Your objective
In the material below, find the line with "El comunicado hizo"; set down that line and every line after it to the end, exactly, without pictures.

Data to process
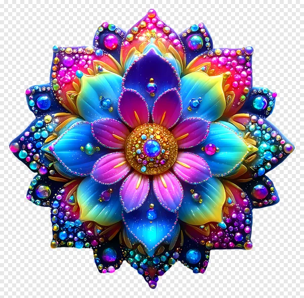 Tags: abstract floral bright colors colorful digital illustration fantasy flower gemstone mandala glossy golden center intricate iridescent jewel-encrusted jeweled flower multi-layered ornate psychedelic sparkling spiritual art symmetrical transparent background vibrant lotus
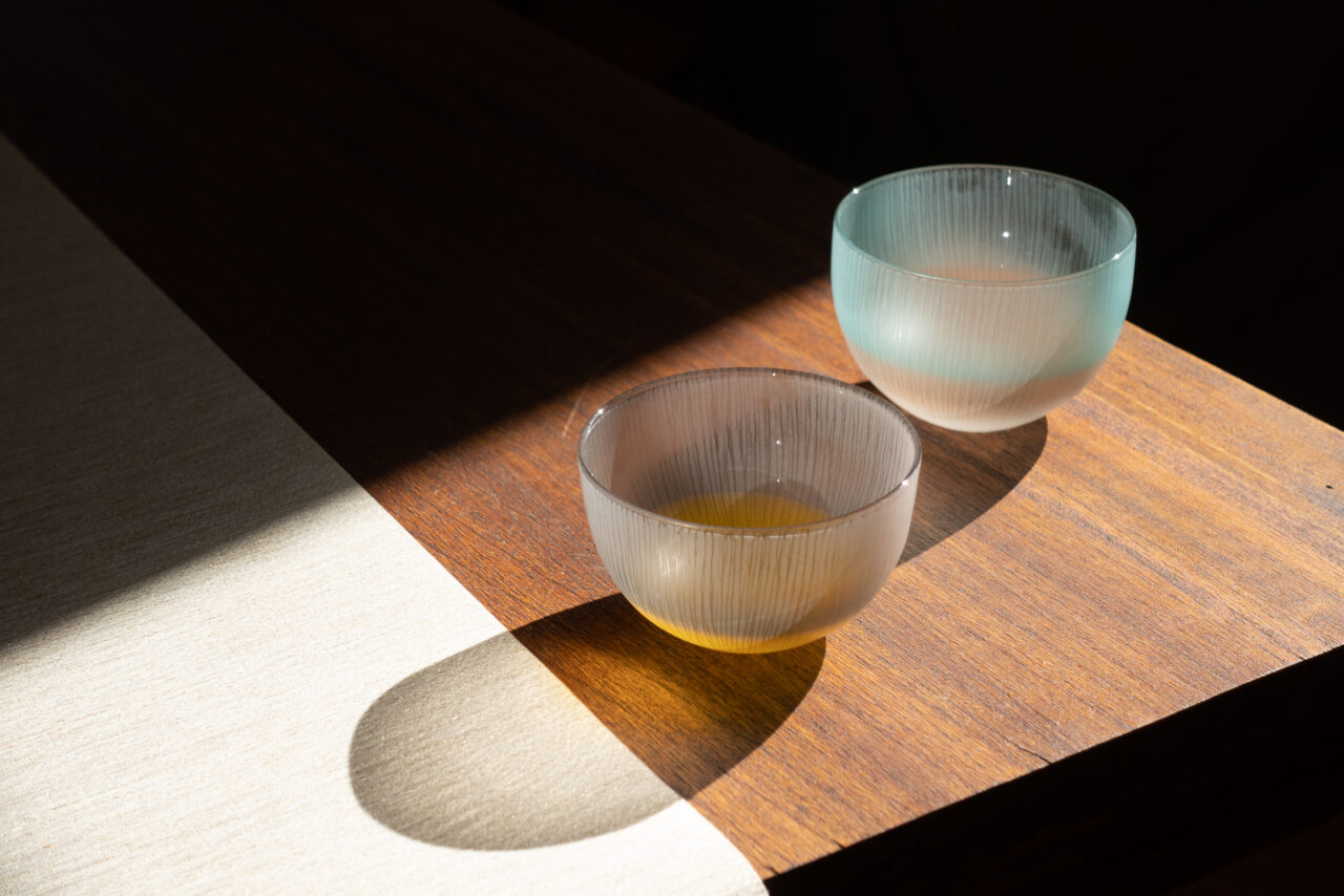 These new tea bowls were produced at the request of the gallery owner, and the small round shape was well received for its simple yet solid presence. The round shape of the “Silence” cup was also newly introduced. The “Silence” series is practical, yet with its beautiful and tranquil expression of softly colored glass and delicate engraving it has remained steadily popular. Through it we were able to catch a glimpse of the artist’s determination to go beyond and challenge himself with a new style and expression.
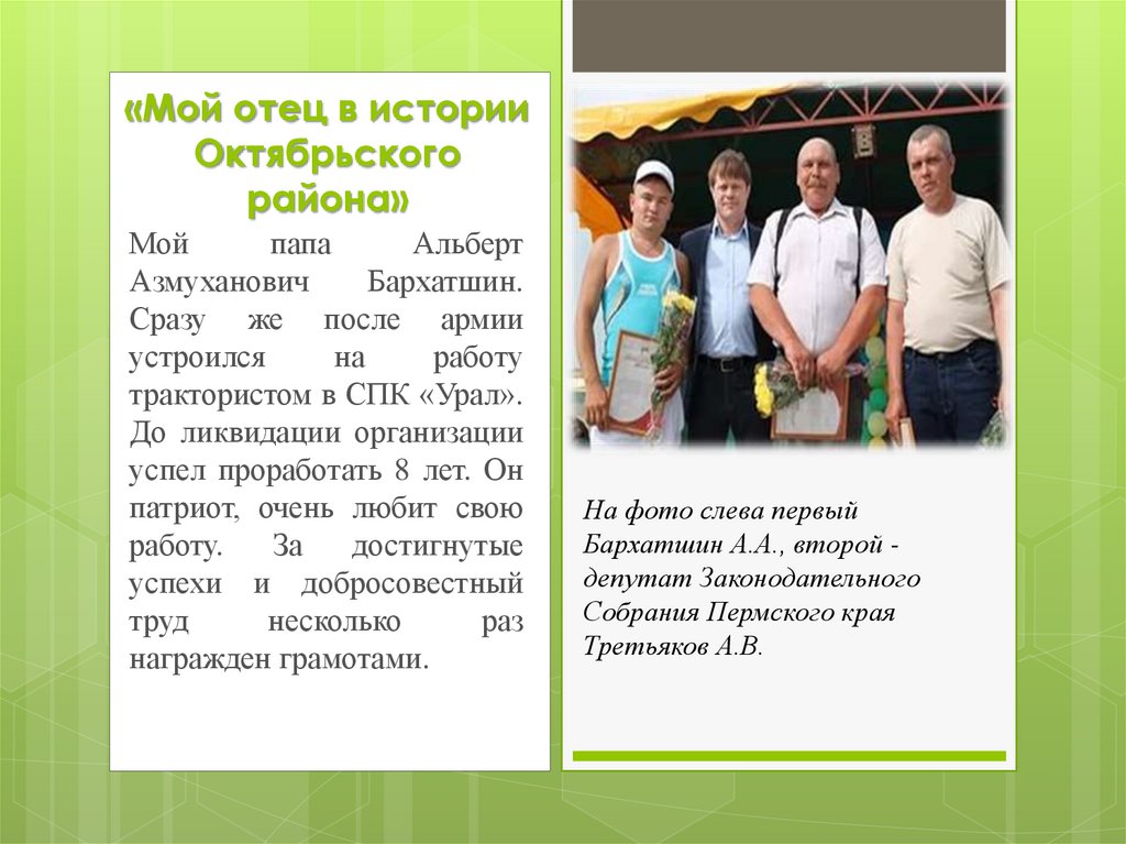 Альберт Азмуханович Бархатшин в истории Октябрьского района. Пермский край
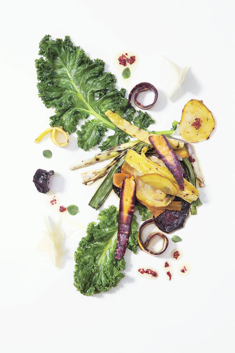 1. Con una mandolina cortar los tubérculos en tajadas finas. Calentar una parrilla eléctrica con grill a temperatura alta. Con una brocha pincelar las verduras con aceite y grillar 2 minutos por lado, hasta que aparezcan marcas del grillado. Reservar.
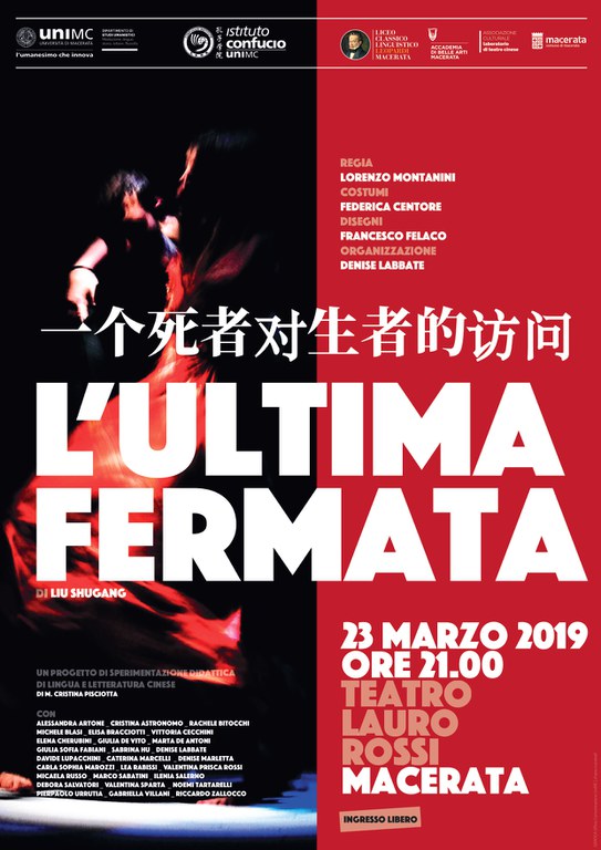 Regia Lorenzo Montanini Costumi Federica Centore Disegni Francesco Felaco Organizzazione Denise Labbate Un progetto di sperimentazione didattica di Lingua e Letteratura Cinese di M. Cristina Pisciotta con Alessandra Artone _ Cristina Astronomo _ Rachele Bitocchi _ Michele Blasi _ Elisa Bracciotti _ Vittoria Cecchini _ Elena Cherubini _ Giulia De Vito _ Marta De Antoni _ Giulia Sofia Fabiani _ Sabrina Hu _ Denise Labbate _ Davide Lupacchini _ Caterina Marcelli _ Denise Marletta _ Carla Sophia Marozzi _ Lea Rabissi _ Valentina Prisca Rossi _ Micaela Russo _ Marco Sabatini _ Ilenia Salerno _ Debora Salvatori _ Valentina Sparta _ Noemi Tartarelli _ Pierpaolo Urrutia _ Gabriella Villani _ Riccardo Zallocco
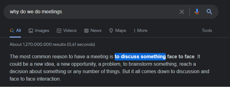 Let’s take a step back and try to understand why we do meetings in the first place. So I googled it.
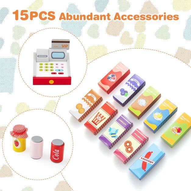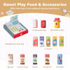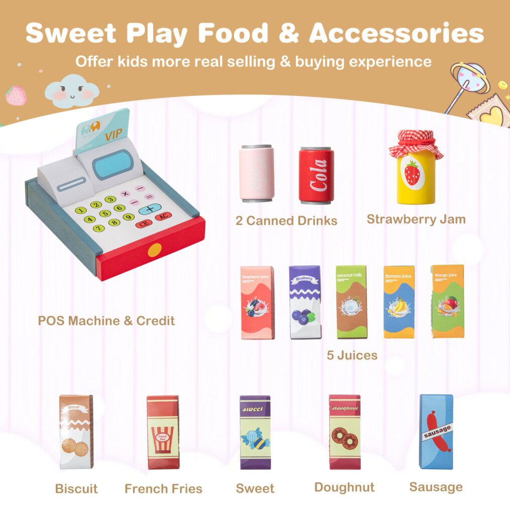 Sweet Play Food and Accessories: This supermarket play toy includes 5 juices, 2 canned drinks, 1 strawberry jam, 1 biscuit, 1 sweet, 1 doughnut, 1 sausage and 1 french fries. Meanwhile, the POS machine and credit also offer kids more real selling and buying experience.
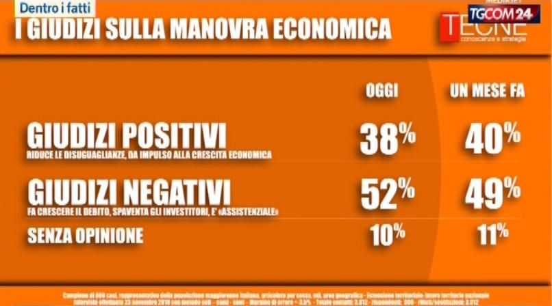 Sondaggio Tecnè, cresce la sfiducia nella manovra del governo
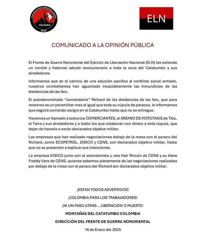El comunicado hizo un llamado específico a comerciantes, mototaxistas y empresas locales, instándolos a cesar cualquier apoyo financiero a las disidencias de las Farc, bajo la pena de ser declarados objetivos militares. “Las empresas que han realizado negociaciones debajo de la mesa con el paraco del Richard son declaradas objetivo militar hasta que no se presenten a explicar sus intenciones”, señaló el ELN, mencionando directamente a empresas como Ecopetrol, Disico y CENS, así como a individuos vinculados a estas entidades.
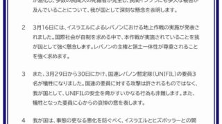 嫌儲防衛省、イスラエルに苦言「主権尊重しろ」
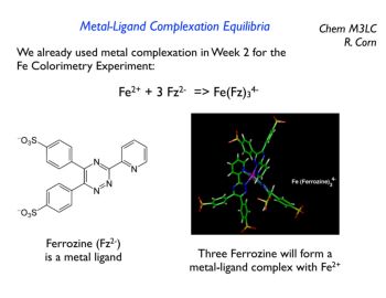 Metal-Ligand Complexation Equilibria We already used metal complexation in Week 2 for the Fe Colorimetry Experiment: Ferrozine (Fz2-) is a metal ligand
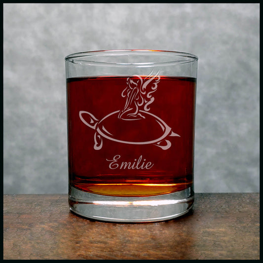 Fairy on a Turtle Engraved 11oz Whiskey Glass - Free Personalization

Reply to the task
El comunicado hizo un llamado específico a comerciantes, mototaxistas y empresas locales, instándolos a cesar cualquier apoyo financiero a las disidencias de las Farc, bajo la pena de ser declarados objetivos militares. “Las empresas que han realizado negociaciones debajo de la mesa con el paraco del Richard son declaradas objetivo militar hasta que no se presenten a explicar sus intenciones”, señaló el ELN, mencionando directamente a empresas como Ecopetrol, Disico y CENS, así como a individuos vinculados a estas entidades.
 嫌儲防衛省、イスラエルに苦言「主権尊重しろ」
 Metal-Ligand Complexation Equilibria We already used metal complexation in Week 2 for the Fe Colorimetry Experiment: Ferrozine (Fz2-) is a metal ligand
 Fairy on a Turtle Engraved 11oz Whiskey Glass - Free Personalization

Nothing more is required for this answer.